Il commence petit à petit à reprendre son sérieux. Je décide de ne pas répondre.
- T'es en train de changer, Neela. Tu commences à ouvrir les yeux sur cette société malsaine, et à te faire ton propre opinion au lieu de répéter bêtement les phrases des autres rouges, juste pour être comme eux. Juste pour être normale.
- N'importe quoi ! m'énervé-je.
- Si je racontais vraiment n'importe quoi, pourquoi est-ce que tu réagirais de cette façon ? Admets que j'ai raison. T'es plus cette petite soldate rouge qui obéit à tous les ordres sans se poser de question. Tu commences à devenir toi-même Neela.
Il est tellement près, à présent. Tellement près. Son regard bleuté me liquéfie sur place, fait trembler mes mains. Mon cœur s'accélère, et ma respiration aussi. Et s'il avait raison ? Et si je n'étais plus une rouge mais ... Une traîtresse, comme Laslo me l'avait dit ? Je ne sais plus quoi penser.
- Neela ?
La voix de mon interlocuteur s'est adoucie, sa mine également.
- J'aurais tellement voulue que ma mère soit là, dis-je doucement. Elle aurait pût m'éclairer au moins. Me dire quoi faire, comment agir ...
Un cri retentit quelque part dans la ville, au loin. Par réflexe sans doute, je me redresse d'un bond. Même si ce n'est rien.
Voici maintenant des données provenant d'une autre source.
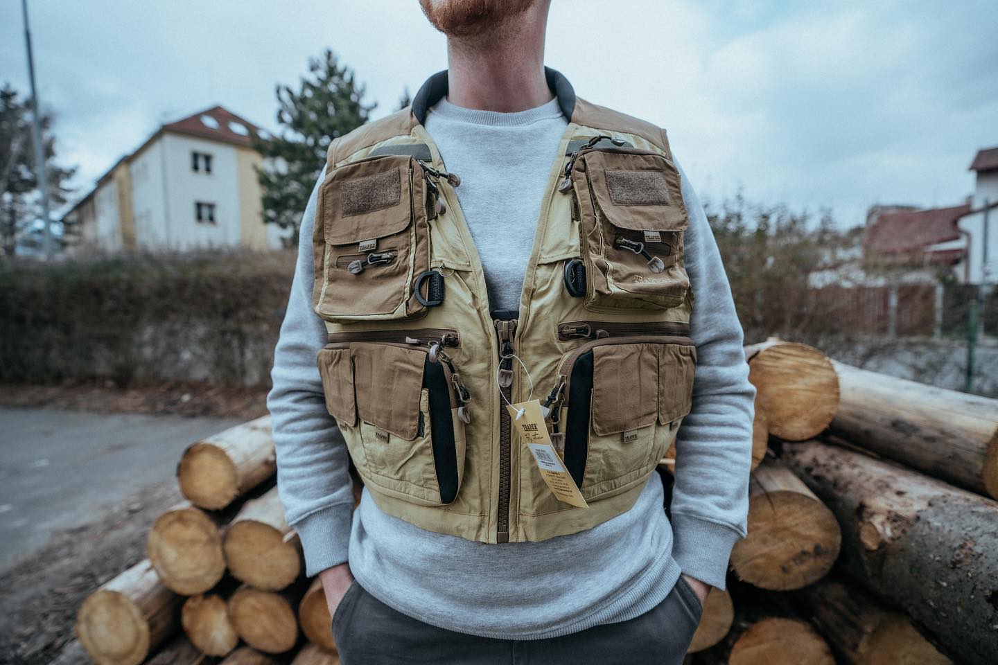 Vesta má 21 kapes. Zadní prostorná kapsa na zip, vpředu 14 kapes a 6 vnitřních kapes.

- Je suis complètement perdue, me lamenté-je au bout d'un moment. Est-ce que j'ai raison de te faire confiance, de te suivre ? Je ne devrais pas plutôt faire demi-tour pour regagner ma maison ? Ou mieux encore, peut-être que je devrais ...
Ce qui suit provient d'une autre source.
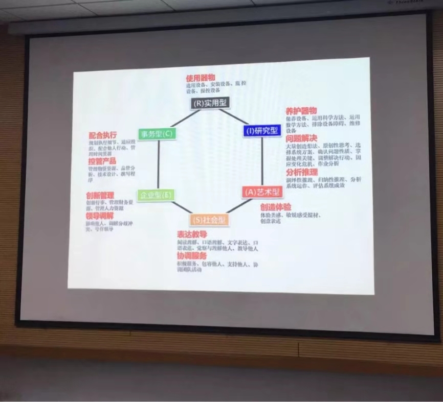 朱炜老师首先对个人的学习与工作经历进行了简单介绍,继而将话题自然地引入至就业问题。由于在场听众多为人文社科类专业,朱老师有针对性的对人文社科类就业概况进行了介绍,并通过表格为大家直观展示了近三年全校各类专业就业率。接下来朱老师通过展示哲学专业本科生、硕士生及博士生的就业去向着重分析了目前哲学专业的就业形势。这为在场同学在选择未来意向企业提供了参考。面临诸多就业岗位和机会,如何选择契合自身的发展路径,朱老师给大家介绍了“霍兰德的兴趣类型理论”,从自己的兴趣点与个性类别出发,然后选择适合自己的就业岗位,在这个过程中,要多加尝试。

La fin de ma phrase reste coincée dans ma gorge. Étonnamment, mon interlocuteur devine facilement les derniers mots :
- Me tuer ?
Je ferme les yeux, car deux sentiments contradictoires m'animent : la honte d'avoir eu cette pensée, et la rage de ne pas l'avoir mis en action. Tout mon corps se fige lorsque des doigts chauds et soyeux viennent s'entremêler aux miens, froids comme de la glace. Interdite, je rouvre mes paupières et observe Keo en fronçant les sourcils.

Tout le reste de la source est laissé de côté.